[[ Exercise data, beginning ]]
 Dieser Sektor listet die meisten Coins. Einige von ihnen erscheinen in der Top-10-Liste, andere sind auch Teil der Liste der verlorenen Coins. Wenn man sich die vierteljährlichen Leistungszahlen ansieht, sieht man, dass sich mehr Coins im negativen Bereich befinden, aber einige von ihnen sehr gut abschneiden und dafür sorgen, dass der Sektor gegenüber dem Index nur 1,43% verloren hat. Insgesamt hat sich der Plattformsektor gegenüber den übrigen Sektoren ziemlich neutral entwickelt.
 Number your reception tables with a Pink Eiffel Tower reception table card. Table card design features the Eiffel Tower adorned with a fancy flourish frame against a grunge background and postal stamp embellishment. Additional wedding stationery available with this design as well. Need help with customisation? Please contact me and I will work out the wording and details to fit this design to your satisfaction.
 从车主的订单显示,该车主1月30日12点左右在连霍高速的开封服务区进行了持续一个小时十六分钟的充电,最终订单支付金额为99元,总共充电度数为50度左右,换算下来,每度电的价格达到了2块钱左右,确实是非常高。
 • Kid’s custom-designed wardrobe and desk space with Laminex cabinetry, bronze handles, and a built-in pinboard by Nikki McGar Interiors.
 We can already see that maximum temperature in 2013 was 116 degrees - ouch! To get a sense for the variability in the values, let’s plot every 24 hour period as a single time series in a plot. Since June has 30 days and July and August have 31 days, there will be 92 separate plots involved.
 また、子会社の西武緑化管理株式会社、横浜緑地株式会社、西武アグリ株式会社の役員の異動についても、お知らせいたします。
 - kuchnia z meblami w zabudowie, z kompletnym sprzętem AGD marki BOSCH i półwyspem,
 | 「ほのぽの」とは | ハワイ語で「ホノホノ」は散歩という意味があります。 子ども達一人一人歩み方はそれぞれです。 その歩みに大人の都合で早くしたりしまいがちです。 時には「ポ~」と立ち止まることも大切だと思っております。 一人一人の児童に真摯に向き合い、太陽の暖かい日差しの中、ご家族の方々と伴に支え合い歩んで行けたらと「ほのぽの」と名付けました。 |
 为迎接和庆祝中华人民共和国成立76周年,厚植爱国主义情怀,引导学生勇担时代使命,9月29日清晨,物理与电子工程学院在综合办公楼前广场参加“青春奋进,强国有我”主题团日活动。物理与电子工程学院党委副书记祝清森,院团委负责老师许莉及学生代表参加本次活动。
[[ Exercise data, end ]]
[[ Exercise data, beginning ]]
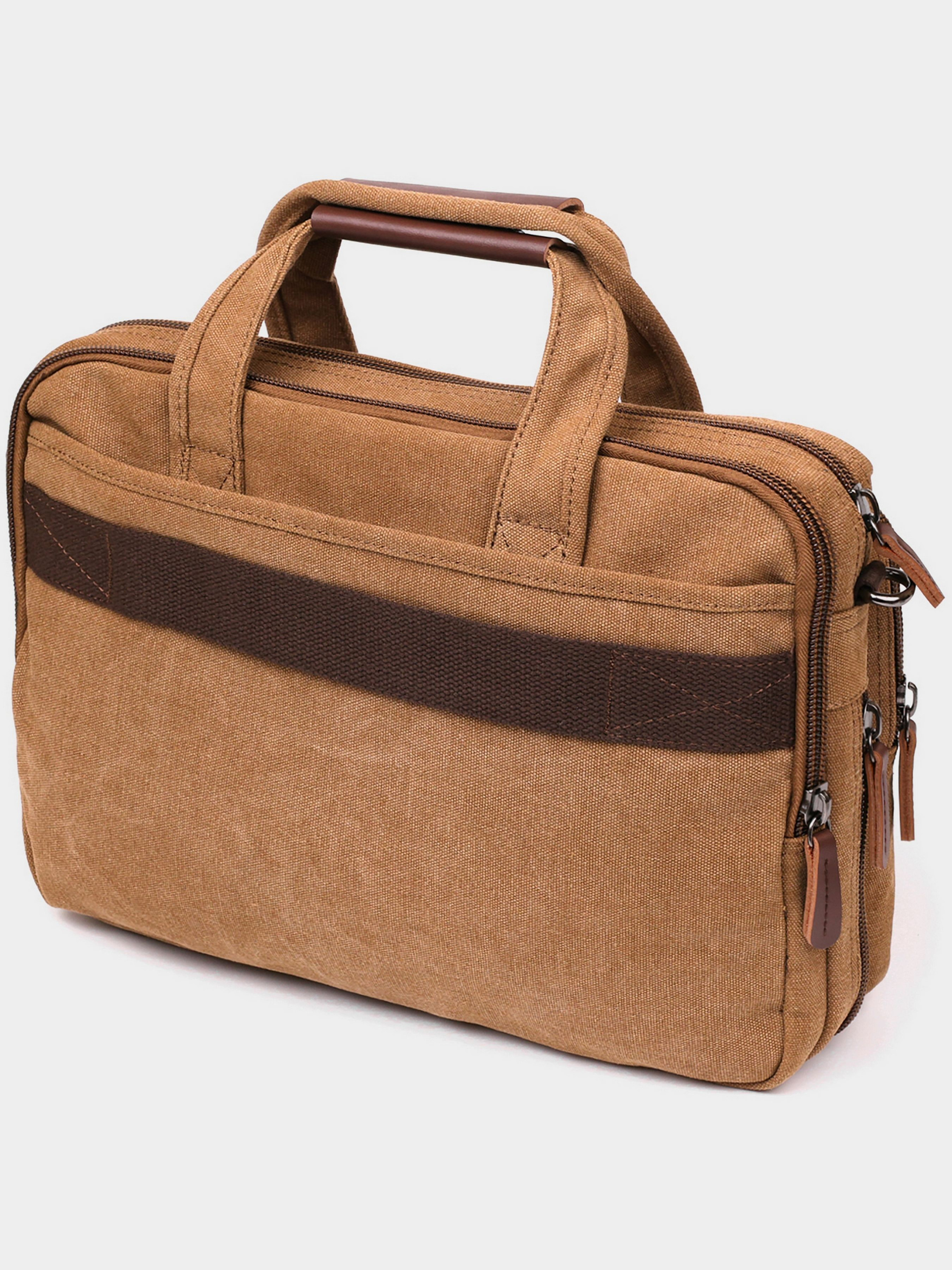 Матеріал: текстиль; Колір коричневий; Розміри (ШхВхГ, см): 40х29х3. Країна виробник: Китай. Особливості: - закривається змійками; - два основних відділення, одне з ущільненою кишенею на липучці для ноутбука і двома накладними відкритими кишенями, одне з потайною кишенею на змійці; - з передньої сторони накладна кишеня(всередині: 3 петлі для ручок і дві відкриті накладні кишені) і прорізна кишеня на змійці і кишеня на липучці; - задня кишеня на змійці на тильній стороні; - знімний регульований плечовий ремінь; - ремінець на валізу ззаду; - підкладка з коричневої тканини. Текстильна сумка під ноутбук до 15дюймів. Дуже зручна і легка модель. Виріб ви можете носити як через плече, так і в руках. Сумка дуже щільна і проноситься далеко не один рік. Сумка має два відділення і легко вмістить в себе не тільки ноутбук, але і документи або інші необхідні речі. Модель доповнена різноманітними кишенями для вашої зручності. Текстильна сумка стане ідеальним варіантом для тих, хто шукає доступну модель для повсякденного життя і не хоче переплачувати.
[[ Exercise data, end ]]
◆ What is expected
The reply should hold only the lines of the listing above starting at the line containing "また、子会社の西武緑化管理株" and ending at the line containing "为迎接和庆祝中华人民共和国成", exactly as written.

◆ Result
 また、子会社の西武緑化管理株式会社、横浜緑地株式会社、西武アグリ株式会社の役員の異動についても、お知らせいたします。
 - kuchnia z meblami w zabudowie, z kompletnym sprzętem AGD marki BOSCH i półwyspem,
 | 「ほのぽの」とは | ハワイ語で「ホノホノ」は散歩という意味があります。 子ども達一人一人歩み方はそれぞれです。 その歩みに大人の都合で早くしたりしまいがちです。 時には「ポ~」と立ち止まることも大切だと思っております。 一人一人の児童に真摯に向き合い、太陽の暖かい日差しの中、ご家族の方々と伴に支え合い歩んで行けたらと「ほのぽの」と名付けました。 |
 为迎接和庆祝中华人民共和国成立76周年,厚植爱国主义情怀,引导学生勇担时代使命,9月29日清晨,物理与电子工程学院在综合办公楼前广场参加“青春奋进,强国有我”主题团日活动。物理与电子工程学院党委副书记祝清森,院团委负责老师许莉及学生代表参加本次活动。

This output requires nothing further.